If it is important to have a very precise measurement for the x and y values of probe offset, I had an idea for a macro that I think could get you very close. It depends on having a touch probe of some kind. I don’t have the macro skills to write it though.
Pre-macro:
Measure in the ballpark for the x & y offsets (within ~1mm).
Dial in the z-offset well enough to get good first layer.
Macro:
Lay down a single line parallel with the y-axis with a known line width and layer height.
Starting with the ballparked probe maybe 2mm to one side of the line from step 1 drop the probe and measure the z-height
Move the probe within 1.5mm of the line from step 1. Measure the z-height and store it in an array.
Move the probe 0.1 (or some other value) closer to the expected position of the line from step 1. Measure the z-height and store it in an array.
Continue step 4 until the difference between the highest and lowest z-height value in the array is approximately the same as the line’s expected layer height.
Repeat Step 4 two more times and verify the z-height is closer to the initial value from step 3 than to the maximum z-height value in the array.
The x position with the maximum z-height is the value for the probe offset x value.
Repeat the process with a line parallel to the x-axis and with small y-movements to determine the probe offset y value.
Put more simply, lay down a line, then move to one side of the line and keep shifting over by 0.1 mm and measuring the z-height until you find the distance between the line and position of the nozzle when it created the line.
Maybe this is a huge waste of time and probe offset x & y values don’t need to be very precise. Maybe something like this could be helpful in determining the offset values between two nozzle on the same carriage. I just had an idea in my head and wanted to share. Thanks.
The probe offsets are fairly important as it measures the location of the bed relative to the nozzle from the location of the probe. If this were to be out then the bed mesh will not measure the right spot and could result in either low or high z points or meshing off the bed. The Klipper docs method for calibrating the probe offset is pretty simple and requires minimal effort on the part of the user resulting in fairly precise location.
I understand the recommended procedure. There are some newer printers (example: Sovol SV07) that have big bulky toolheads that might make it more challenging to make accurate marks.
I did my best to accurately mark the positions of the nozzle and the probe on the piece of tape, but it can be hard to get in there and make a good mark when the toolhead is all the way down. I doubt my results are correct down to a tenth of a mm.
Does it matter if it is correct down to a tenth of a mm?
Probably not. If your probe offsets are slightly off, that just means your bed mesh will be shifted to the same extent. Since the mesh algorithm is already smoothing out the measured points to some degree, I doubt that offset inaccuracies in the range of less than 1mm would have any noticeable effect on the first layer quality.

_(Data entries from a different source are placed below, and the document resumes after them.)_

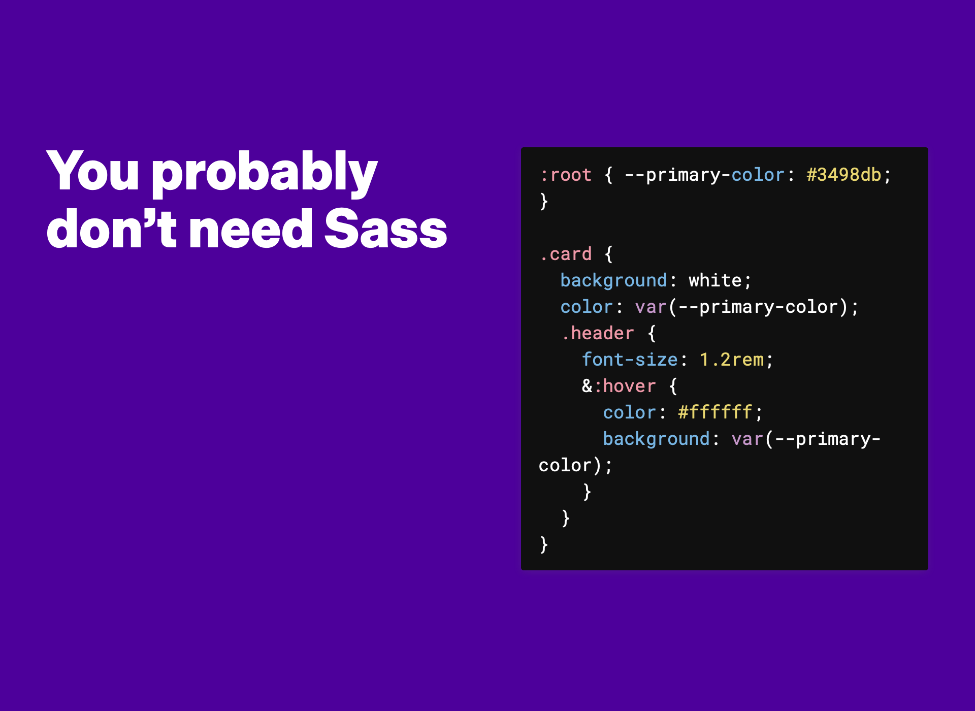 function. These are actually way better than Sass variables because they can be changed at runtime. And not only by CSS code, but also by JavaScript! This combo gives you endless possibilities to change your design based on user actions.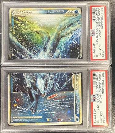 This 2010 Pokémon HeartGold & SoulSilver Lugia Legend set features both cards #113 and #114 in stunning holographic detail, graded PSA 8 for excellent condition. As a paired collection, it captures the iconic legendary Pokémon Lugia, highly sought after by collectors and enthusiasts. This set combines rarity, quality, and nostalgia, making it a valuable addition to any serious Pokémon card portfolio.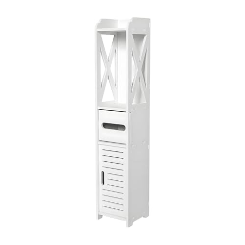 sanjianke-fs Bathroom Floor Cabinet,Waterproof FreeStanding White Slim Bathroom Storage Unit with Daily Use Layer and 1 Cupboard Door,Multi-purpose Cabinet for Store Toilet Paper,Shampoo,16x16x68CM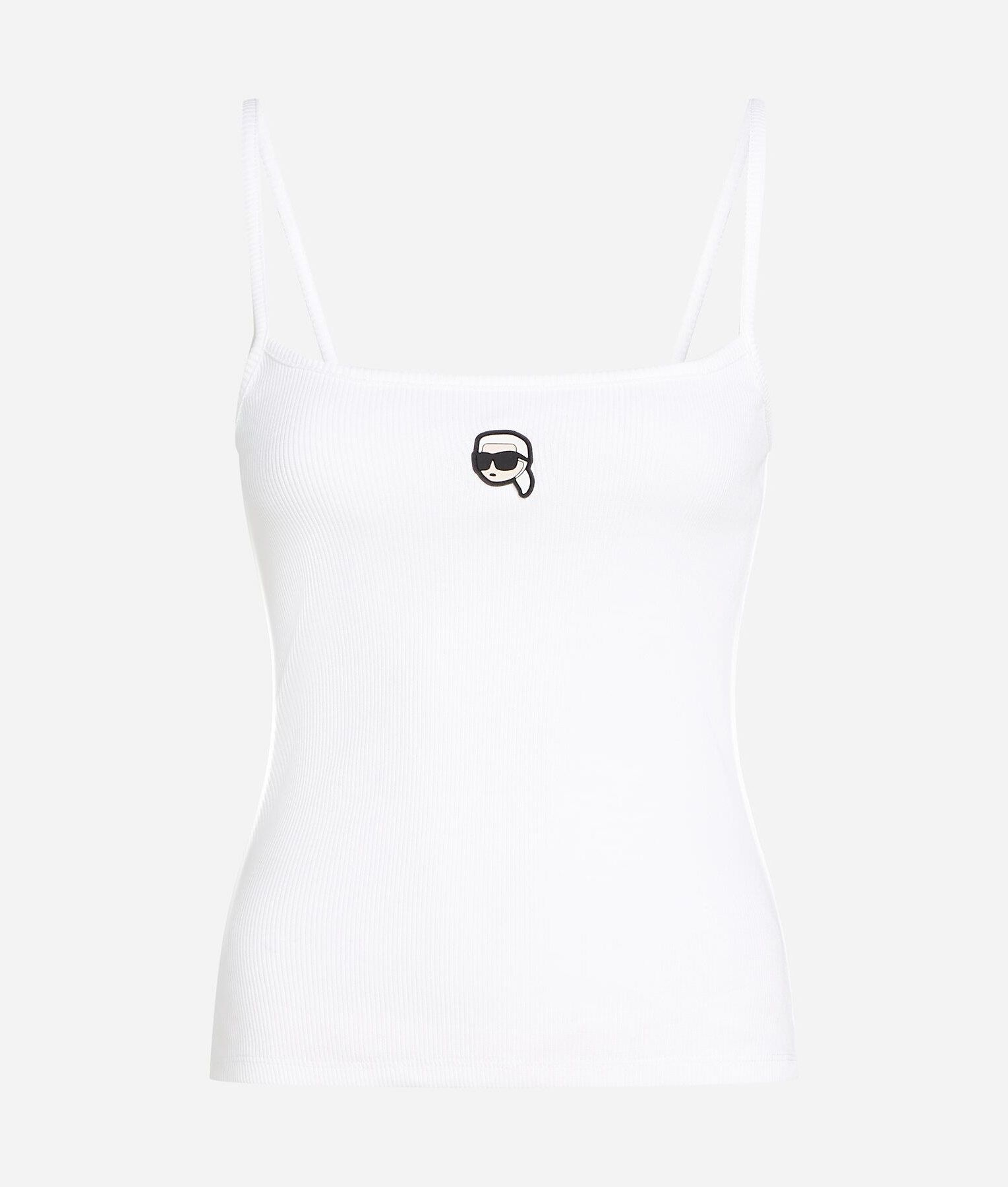 Biały damski top Ikon Patch Tank Top, marki Karl Lagerfeld.Na zdjęciu produkt w rozmiarze: S.Wymiary produktu w rozmiarze S: szerokość pod pachami: 29,5 cm, długość całkowita: 33 cm.

I’ve thought about this quite a bit and except for one case, I don’t think there’s any need for X/Y to be accurate within 1mm repeatably.
The reason why I’ve thought about it is due to StallGuard/sensorless homing - I did do some basic experiments (ie draw lines on a tape covered bed multiple times with a Sharpie attached to the toolhead and restarting the program repeatably) and I found that the TMC2209 with StallGuard is repeatable to about 0.75mm for both a bed slinger on the X & Y axis and a custom CoreXY.
This level of repeatability is sufficient for virtually all applications - if you have a model that has less than a mm to spare with the bed’s edge, then I think you should be looking at printing it on a larger printer - I like to have 5mm or so worst case from the edge of my model to the edge of the bed.
As for the one use case where I can see tens of micron A/Y axis homing repeatability is required would be in the case where the printer was recovering from a power off event and was partially through a very long print. For the recovery to be successful, there needs to be very accurate information on what was printed before the power failure and the ability to determine the Z height at a location which can be probed without the toolhead (or gantry) intruding in the print envelope. It’s not something I would ever expect to need, but I would expect that this is a situation that other people are considering.